| TASK DETAILS |
Leave out the pictures and retype everything else in the records below exactly.

BEGIN PROVIDED RECORDS

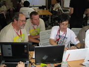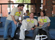 360 KB | Wikimania 2007, The registration crew, photo by John Stanton |
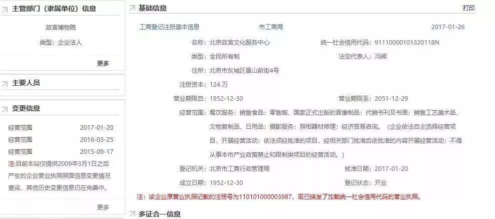 “故宫文化服务中心”的工商信息 图片来自于北京市企业信用信息网
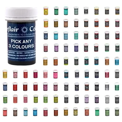 Choose from 80+ Sugarflair Food Colours Fabulous Sugarflair Paste Colours; Highly concentrated food colouring Can be added or kneaded into sugar paste, fondant, buttercream, royal icing, marzipan, flower & modelling paste, pastry and salt dough etc Nut Free, Gluten Free, GM Free Suitable for Vegetarians and Vegans Pick and Mix any 3 Colours
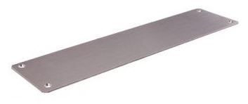 The 216 Series Door Furniture is 300 x 65 x 2mm thick stainless steel or brass plate with 10mm radius corners. Concealed fixed plates have studs with internal threads located in each corner, visible plates have corresponding countersunk holes and are fixed back to back through the door.
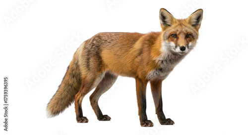 © Dece Std, Fototapeta premium Alert fox stands, facing forward, with warm orange-brown fur
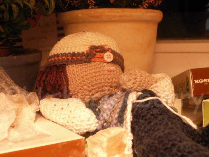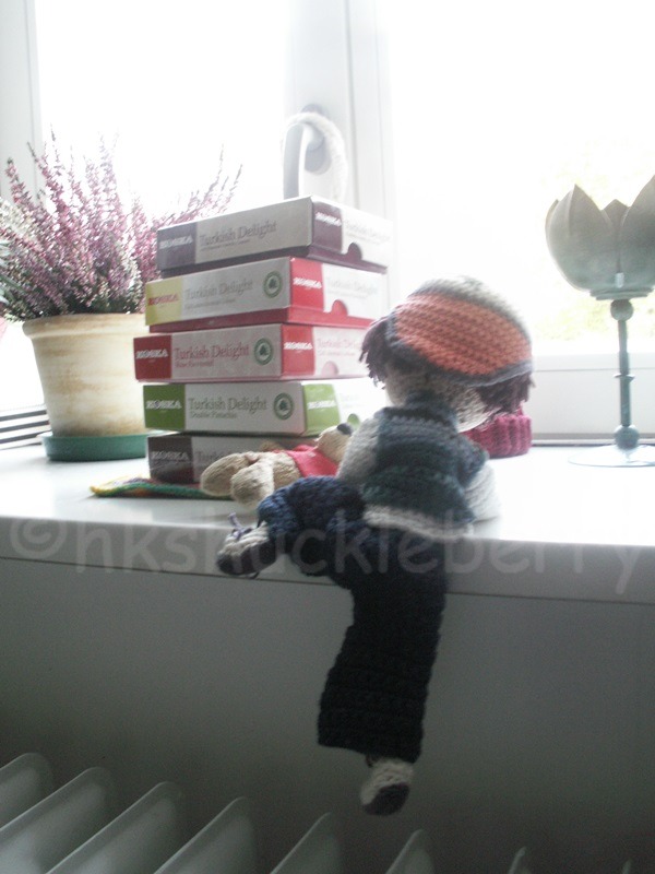 “I am sorry, Pomi, I ran into our neighbour”. I explained as I walked into the apartment, but my little crochet guy did not answer, he was fast asleep. It looked like he had enjoyed the lokum.
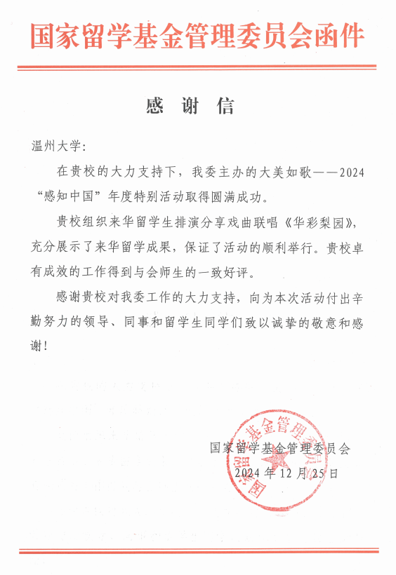 12月25日,我校收到国家留学基金管理委员会发来的感谢信,信中充分肯定星空平台在大美如歌——2024“感知中国”年度特别活动中所做的努力和成效,星空平台国际教育学院组织来华留学生排演分享戏曲联唱《华彩梨园》,充分展示了来华留学成果,保证了活动的顺利举行,并获得与会师生的一致好评。
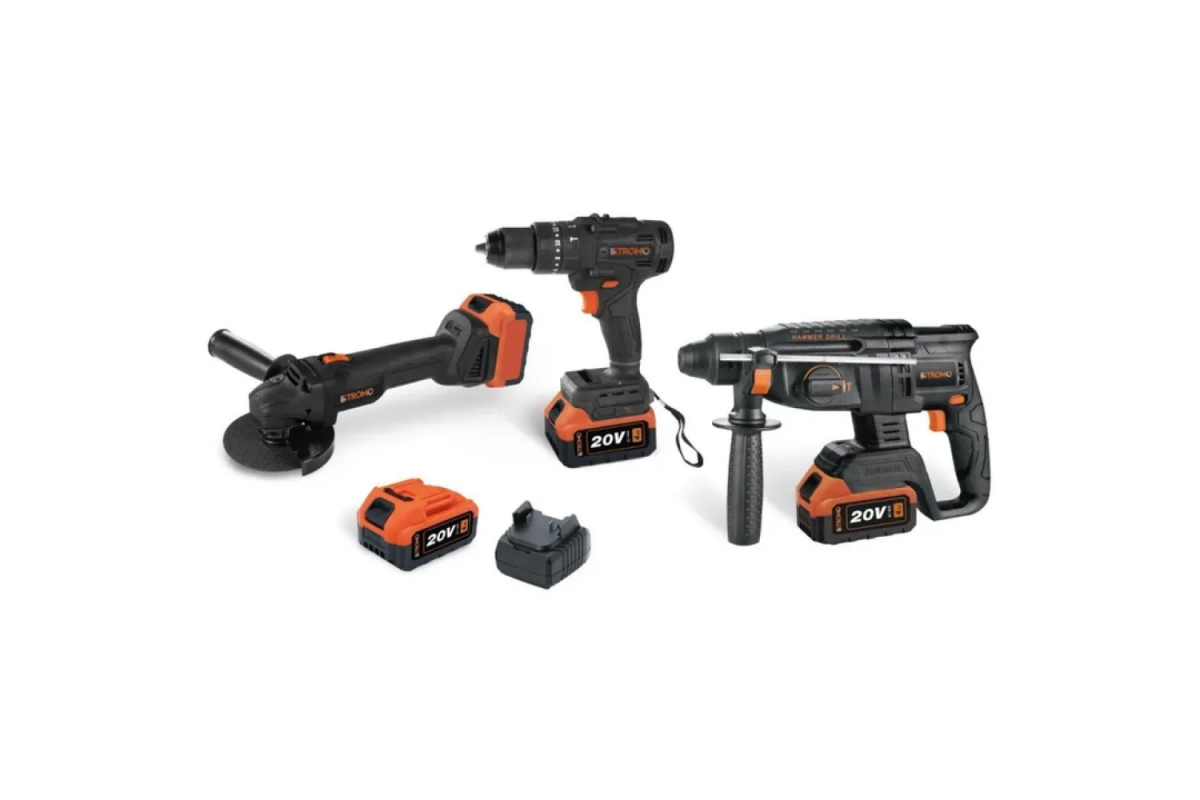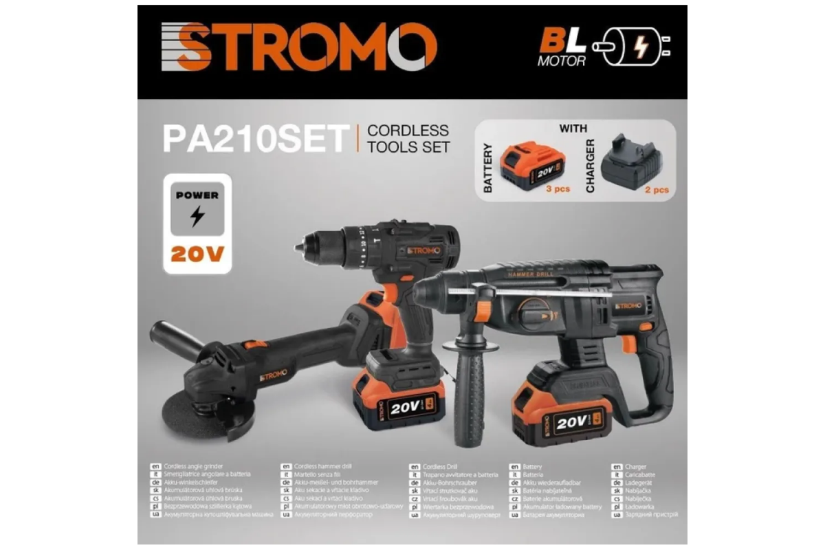 STROMO PA210SET — це універсальний набір для професійного та побутового використання, який включає болгарку, перфоратор і шуруповерт. Усі інструменти живляться від акумуляторів 20 В (Li-Ion) та оснащені безщітковими двигунами, що забезпечує високу надійність, ефективність і тривалий термін служби.
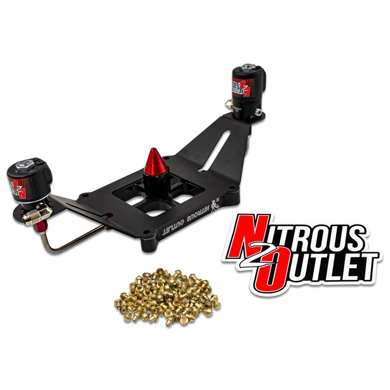 The 4150 plate and cone are manufactured from 6061 billet aluminum. The nitrous plate is .75 thick and black anodized with engraved Nitrous Outlet logos and Fuel / N2O entry marking. The cone is anodized red and features 16 nitrous discharge holes and 16 fuel discharge holes that discharge 1-7/8″ below the carb flange. Premium gaskets are included as well as Jetting for 50-100-150-200-250-300-350-400-450-500 horsepower shots. We even include fuel jetting for gasoline and E85! This is a standard system and utilizes a .122 nitrous solenoid and .177 fuel solenoid. Custom bent stainless hard lines are included to connect the solenoids to the plate, as is our Deep BreakSolenoid Bracket.
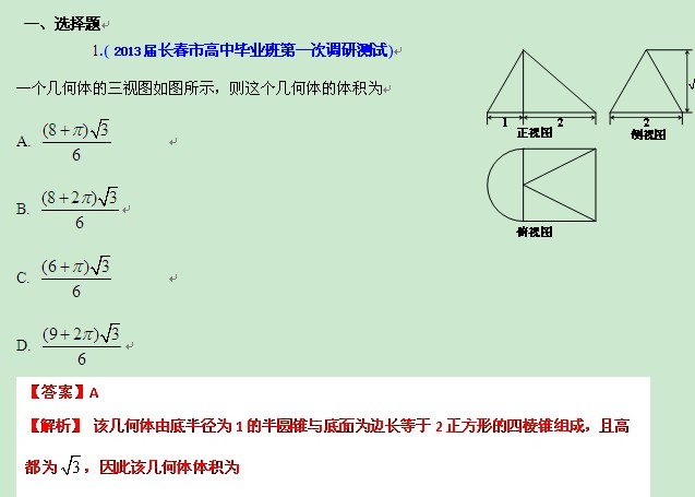 2013年高考数学备考30分钟课堂集训专题系列专题06 立体几何 理(A卷)(教师版) Word版含答案
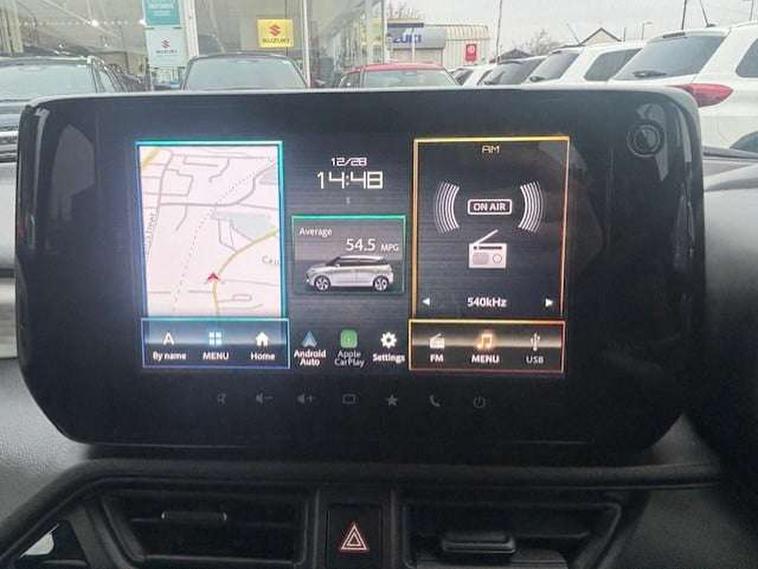 Adaptive cruise control, Automatic start/stop system, Blind spot monitoring, Colour LCD information display, Digital clock, Driver monitoring system, eCall, Fuel consumption display (average/instantaneous) and range display, Intelligent speed control support, Lane departure prevention, Lane departure warning system, Lane keeping assist (LKA), Low fuel level warning light, Navigation system, Outside temperature display, PAS, Rear cross traffic alert, Rear parking camera, Rear parking sensors, Remote fuel cap release, Smartphone integration with Apple CarPlay and Android auto, Suzuki connect, Tailgate, Traffic sign recognition, Weaving alert, 4 speakers + 2 tweeters, 9-inch infotainment display, Auxiliary input socket, Bluetooth audio streaming, DAB Digital radio, Steering wheel audio controls, USB Type A and C, 'Guide me home' headlamps, 1 speed with intermittent rear wiper + washer, 2 speeds front wiper with intermittent + washer, Automatic headlights, Black coloured A & B pillars, Black Upper and lower front grille, Body colour door mirrors and handles, C pillar trim moulding, Electric door mirrors, Electric front windows, Electric rear windows, Green tinted glass, Heated door mirrors, High beam assist, LED daytime running lights, LED High mounted stop light, LED position lamps, LED projector headlamps, LED rear combination lamp, Manual headlamp level control, Rain sensor, Rear fog lights, Rear privacy glass, Rear side wing doors, Rear spoiler, Side spoiler, 1 cup holder in rear, 12V Accessory socket in front console, 2 cup holders in front, 2 Isofix seat anchors, 3 bench rear seats in 2nd row, 3 rear head restraints, 3 spoke leather covered steering wheel, 60/40 split rear seats, Accessory socket, Centre console storage, Centre lower box, Child seat tether anchorages x 2, Chrome handbrake release button, Chrome interior door handles, Cloth upholstery, Door pockets with bottle holder, Driver/passenger sunvisors with ticket holders + vanity mirrors, Front cabin lights, Front headrests, Front map light, Front passenger side assist grip, Glovebox, Heated front seats, Heater, Height adjustable driver's seat, Luggage area lamp, Manual air conditioning with digital control panel, Material door trim ornament, Parcel shelf, Passenger seat back pocket, Pollen filter, Single front passenger seat, Tilt adjustable steering wheel, Tilt/telescopic adjustable steering wheel, 3 point ELR seatbelts for centre seat, 3 point ELR seatbelts front and rear, ABS+EBD+Brake assist, Curtain airbags, Driver airbag, Dual sensor brake support, ESP + traction control, Front and rear seatbelt reminder, Front passenger airbag, Front passenger airbag deactivation, Front seatbelt pretensioners with force limiters, Hill hold control, Rear child proof door locks, Rear seatbelts with pre-tensioners and load limiters, Side airbags with incorporated into front seats, Tyre pressure indicator, Deadlocks, Freewheeling key cylinders, Immobiliser, Keyless entry and start, Light - on and Key in reminder, Locking wheel nuts, Remote central locking, Painted instrument panel ornament, 16" Painted alloy wheels, Emergency flat tyre repair kit,
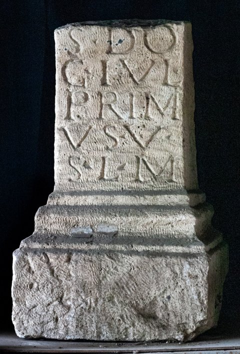 - S(ilvano) Do(mestico) / C(aius) Iul(ius) / Prim/us v(otum) / s(olvit) l(ibens) m(erito)

END PROVIDED RECORDS

| SOLUTION TO THIS TASK |
 360 KB | Wikimania 2007, The registration crew, photo by John Stanton |
 “故宫文化服务中心”的工商信息 图片来自于北京市企业信用信息网
 Choose from 80+ Sugarflair Food Colours Fabulous Sugarflair Paste Colours; Highly concentrated food colouring Can be added or kneaded into sugar paste, fondant, buttercream, royal icing, marzipan, flower & modelling paste, pastry and salt dough etc Nut Free, Gluten Free, GM Free Suitable for Vegetarians and Vegans Pick and Mix any 3 Colours
 The 216 Series Door Furniture is 300 x 65 x 2mm thick stainless steel or brass plate with 10mm radius corners. Concealed fixed plates have studs with internal threads located in each corner, visible plates have corresponding countersunk holes and are fixed back to back through the door.
 © Dece Std, Fototapeta premium Alert fox stands, facing forward, with warm orange-brown fur
 “I am sorry, Pomi, I ran into our neighbour”. I explained as I walked into the apartment, but my little crochet guy did not answer, he was fast asleep. It looked like he had enjoyed the lokum.
 12月25日,我校收到国家留学基金管理委员会发来的感谢信,信中充分肯定星空平台在大美如歌——2024“感知中国”年度特别活动中所做的努力和成效,星空平台国际教育学院组织来华留学生排演分享戏曲联唱《华彩梨园》,充分展示了来华留学成果,保证了活动的顺利举行,并获得与会师生的一致好评。
 STROMO PA210SET — це універсальний набір для професійного та побутового використання, який включає болгарку, перфоратор і шуруповерт. Усі інструменти живляться від акумуляторів 20 В (Li-Ion) та оснащені безщітковими двигунами, що забезпечує високу надійність, ефективність і тривалий термін служби.
 The 4150 plate and cone are manufactured from 6061 billet aluminum. The nitrous plate is .75 thick and black anodized with engraved Nitrous Outlet logos and Fuel / N2O entry marking. The cone is anodized red and features 16 nitrous discharge holes and 16 fuel discharge holes that discharge 1-7/8″ below the carb flange. Premium gaskets are included as well as Jetting for 50-100-150-200-250-300-350-400-450-500 horsepower shots. We even include fuel jetting for gasoline and E85! This is a standard system and utilizes a .122 nitrous solenoid and .177 fuel solenoid. Custom bent stainless hard lines are included to connect the solenoids to the plate, as is our Deep BreakSolenoid Bracket.
 2013年高考数学备考30分钟课堂集训专题系列专题06 立体几何 理(A卷)(教师版) Word版含答案
 Adaptive cruise control, Automatic start/stop system, Blind spot monitoring, Colour LCD information display, Digital clock, Driver monitoring system, eCall, Fuel consumption display (average/instantaneous) and range display, Intelligent speed control support, Lane departure prevention, Lane departure warning system, Lane keeping assist (LKA), Low fuel level warning light, Navigation system, Outside temperature display, PAS, Rear cross traffic alert, Rear parking camera, Rear parking sensors, Remote fuel cap release, Smartphone integration with Apple CarPlay and Android auto, Suzuki connect, Tailgate, Traffic sign recognition, Weaving alert, 4 speakers + 2 tweeters, 9-inch infotainment display, Auxiliary input socket, Bluetooth audio streaming, DAB Digital radio, Steering wheel audio controls, USB Type A and C, 'Guide me home' headlamps, 1 speed with intermittent rear wiper + washer, 2 speeds front wiper with intermittent + washer, Automatic headlights, Black coloured A & B pillars, Black Upper and lower front grille, Body colour door mirrors and handles, C pillar trim moulding, Electric door mirrors, Electric front windows, Electric rear windows, Green tinted glass, Heated door mirrors, High beam assist, LED daytime running lights, LED High mounted stop light, LED position lamps, LED projector headlamps, LED rear combination lamp, Manual headlamp level control, Rain sensor, Rear fog lights, Rear privacy glass, Rear side wing doors, Rear spoiler, Side spoiler, 1 cup holder in rear, 12V Accessory socket in front console, 2 cup holders in front, 2 Isofix seat anchors, 3 bench rear seats in 2nd row, 3 rear head restraints, 3 spoke leather covered steering wheel, 60/40 split rear seats, Accessory socket, Centre console storage, Centre lower box, Child seat tether anchorages x 2, Chrome handbrake release button, Chrome interior door handles, Cloth upholstery, Door pockets with bottle holder, Driver/passenger sunvisors with ticket holders + vanity mirrors, Front cabin lights, Front headrests, Front map light, Front passenger side assist grip, Glovebox, Heated front seats, Heater, Height adjustable driver's seat, Luggage area lamp, Manual air conditioning with digital control panel, Material door trim ornament, Parcel shelf, Passenger seat back pocket, Pollen filter, Single front passenger seat, Tilt adjustable steering wheel, Tilt/telescopic adjustable steering wheel, 3 point ELR seatbelts for centre seat, 3 point ELR seatbelts front and rear, ABS+EBD+Brake assist, Curtain airbags, Driver airbag, Dual sensor brake support, ESP + traction control, Front and rear seatbelt reminder, Front passenger airbag, Front passenger airbag deactivation, Front seatbelt pretensioners with force limiters, Hill hold control, Rear child proof door locks, Rear seatbelts with pre-tensioners and load limiters, Side airbags with incorporated into front seats, Tyre pressure indicator, Deadlocks, Freewheeling key cylinders, Immobiliser, Keyless entry and start, Light - on and Key in reminder, Locking wheel nuts, Remote central locking, Painted instrument panel ornament, 16" Painted alloy wheels, Emergency flat tyre repair kit,
 - S(ilvano) Do(mestico) / C(aius) Iul(ius) / Prim/us v(otum) / s(olvit) l(ibens) m(erito)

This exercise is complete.